The errors were not analyzed for the joystick or scissor responses because the participants produced only few errors. The analysis of joystick responses revealed significant main effects of joystick [F(1,2359) = 6.09, p = .014] and scissor [F(1,2359) = 5.79, p = .016]. The backward responses were made faster [M = 930 ms, 95% CI (842, 1018)] than the forward responses [M = 953 ms, 95% CI (865, 1040)]. In addition, the close responses were made faster [M = 930 ms, 95% CI (843, 1018)] than the open responses [M = 952 ms, 95% CI (865, 1040)]. Joystick × scissor interaction was also obtained [F(1,2359) = 52.81, p < .001]. This interaction is presented in Fig. 2. The pairwise comparisons test showed that the push responses were performed significantly faster when the scissors were opened [M = 930 ms, 95% CI (842, 1019)] rather than closed [M = 975 ms, 95% CI (886, 1063)] (p = .001). In contrast, the pull responses were performed faster when the scissors were closed [M = 886 ms, 95% CI (798, 975)] rather than opened [M = 974 ms, 95% CI (886, 1063)] (p < .001). The interaction between joystick, scissor and mapping was not significant [F(1,2359) = 0.88, p = .348] suggesting that mapping (i.e., which color cued opening/closing responses) did not interfere with the interaction between the joystick and scissor responses.

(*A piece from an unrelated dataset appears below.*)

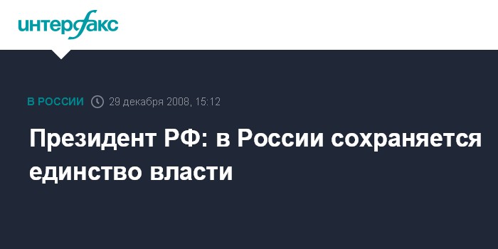 Москва. 29 декабря. INTERFAX.RU - Несмотря на глобальные вызовы, с которыми сталкивается Россия, в стране удается сохранить единство власти, заявил президент Дмитрий Медведев.

The mean vocal reaction times for Experiment 1 as a function of the joystick (i.e., the left-hand) and the scissor (i.e., the right-hand) responses. Error bars depict the standard error of the mean. Asterisks indicate statistically significant differences (*** < . 001; **p < .01; *p < .05)
The analysis of scissor responses revealed significant main effects of scissor [F(1,2357) = 8.29, p = .004]. The close responses were made faster [M = 907 ms, 95% CI (812, 1002)] than the open responses [M = 934 ms, 95% CI (839, 1029)]. Joystick × scissor interaction was also obtained [F(1,2357) = 50.33, p < .001]. This interaction is presented in Fig. 2. The pairwise comparisons test showed that the open responses were performed faster when the joystick was pushed [M = 906 ms, 95% CI (810, 1001)] rather than pulled [M = 962 ms, 95% CI (866, 1058)] (p < .001). In contrast, the close responses were performed faster when the joystick was pulled [M = 869 ms, 95% CI (773, 965)] rather than pushed [M = 944 ms, 95% CI (849, 1040)] (p < .001). The interaction between joystick, scissor and mapping was not significant [F(1,2357) = 1.64, p = .201].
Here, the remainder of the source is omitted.